MVVM pattern in XAML


  • Describes the user interface (layout and styling) using a declarative markup such as XAML.
  • Presents information to the user (data-binding).
  • Responds to the user input (commands and keyboard shortcuts).
  • References the ViewModel through DataContext and/or code-behind.
  • Composed of the following elements:
    • XAML elements
    • value converters
    • data templates
    • visual state groups
    • storyboards
    • animations
    • visual state transitions
    • behaviours - pieces of packaged code that is used to add interactivity to the app
    • code - additional UI-related logic


  • Responsible for interaction between the View and the Model.
  • Provides presentation logic for one or multiple Views.
  • Does not know about the view’s design, layout, style, etc.
  • Has three ways of communicating with the View:
    • data-binding
    • visual states
    • commands and method calls
  • Implements the property change notification interface.
  • Implements synchronous and asynchronous validation through the INotifyDataErrorInfo interface.
  • May transform data so that it can be presented in the View.
  • May combine multiple fields from models in a property that is then bound to a visual element in the View.

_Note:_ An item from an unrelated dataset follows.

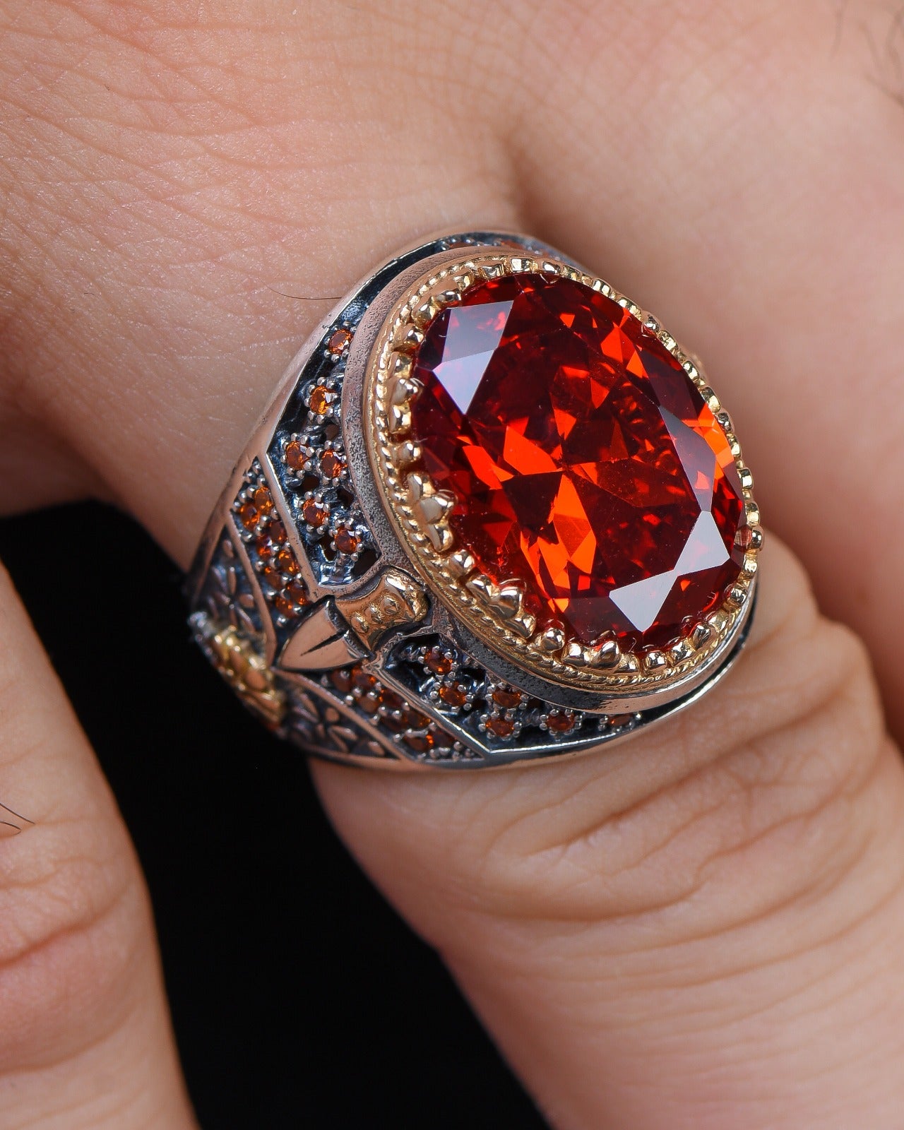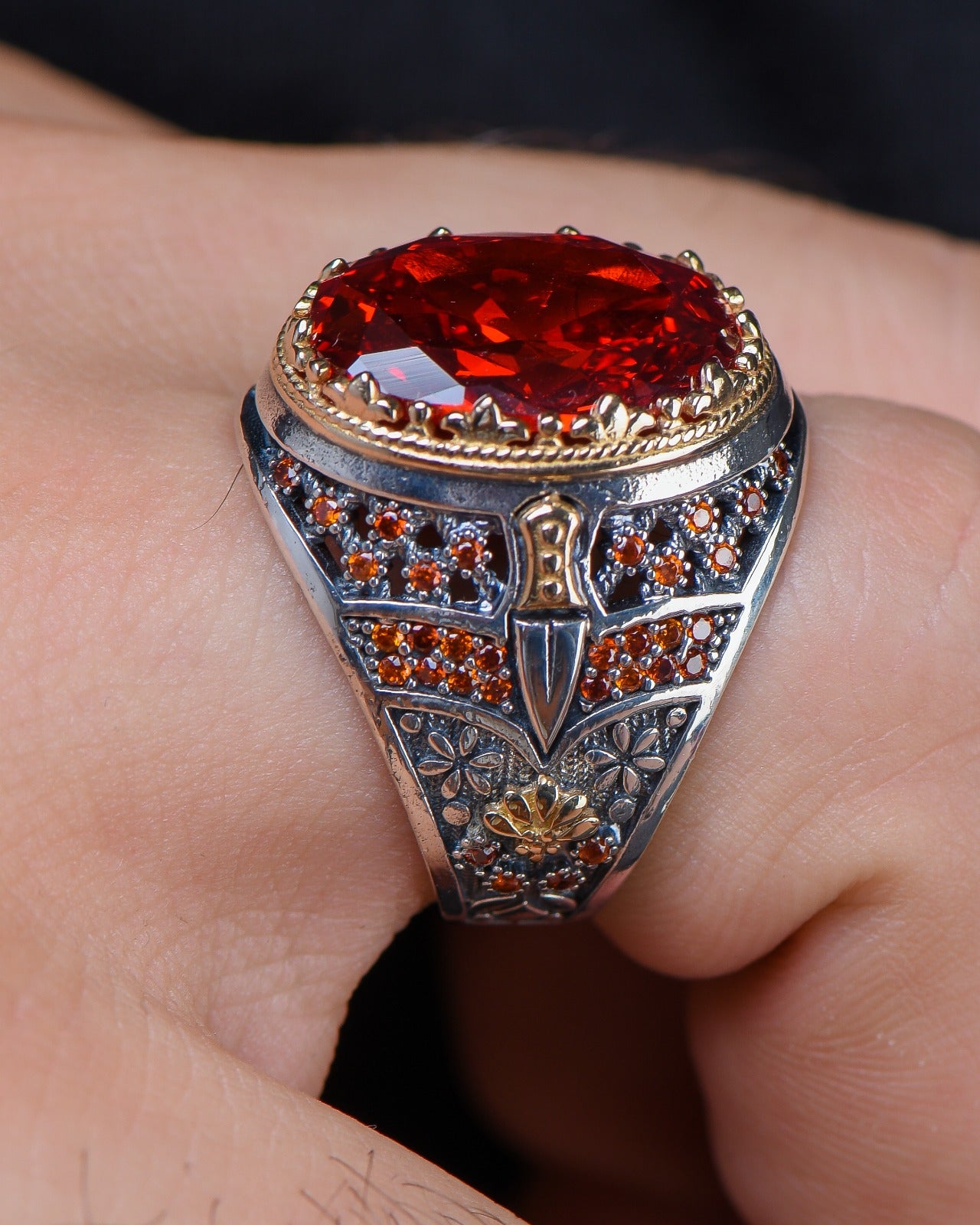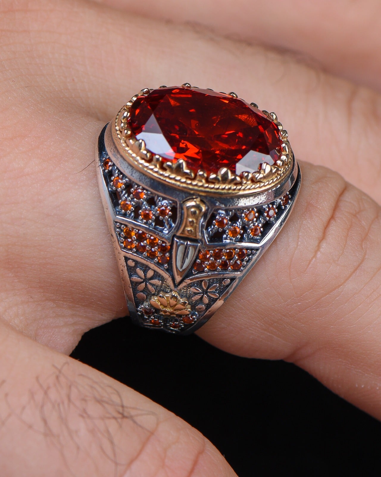 🔥 Göz alıcı kırmızı zirkon taşıyla tasarlanan bu yüzük, stilinizi öne çıkaracak! Yüksek kaliteli 925 ayar gümüşten üretilen yüzüğümüz, 16,5 gram ağırlığıyla hem sağlam hem de zarif bir duruş sunar. Günlük kullanıma uygun ve uzun ömürlü olan bu şık aksesuarla her zaman fark yaratın. 💍

  • Represents a data object e.g. Customer; it could be an aggregation of data objects.
  • Describes business entities (e.g. Publisher, Book, Order) usually implemented as classes.
  • Describes business logic operating on the entities without involving UI (View) and presentation logic (ViewModel).
  • Describes relations between the entities.
  • Contains state of the entities.
  • Accesses entity data from local or remote sources.
  • Responsible for persisting changes from the View in the data source
  • Includes any data caching mechanism if needed.
  • MS Exam: Implements business logic (I don't agree with that): “the business logic as well as data validation rules are often implemented in the model, although a separate repository for data access, caching, and storage can be used.”
  • MS Exam: Responsible for notifying the ViewModel whenever data changes in the source

ObservableObject and ViewModelBase

Classes deriving from ObservableObject or ViewModelBase can use the following methods:

RaisePropertyChanged(() => MyProperty);       // very small performance impact
Set("MyProperty", ref myProperty, value);     // the "Set" methods return a bool value indicating if the property
                                              // value has changed
Set(() => MyProperty, ref myProperty, value);

Overloads suitable to use with the Messenger:

RaisePropertyChanged("MyProperty", oldValue, value, true);
RaisePropertyChanged(() => MyProperty, oldValue, value, true);
Set("MyProperty", ref myProperty, value, true);
Set(() => MyProperty, ref myProperty, value, true);

The parameters in the above methods are:

  • property name or a lambda
  • old value
  • new value
  • a flag determining if the event needs to be broadcast using Messenger

MVVM Light has a PropertyChanging event. It provides access to the old value:

RaisePropertyChanging(() => MyProperty);

ObservableObject is lighter than ViewModelBase, for example it does not have the design mode detection.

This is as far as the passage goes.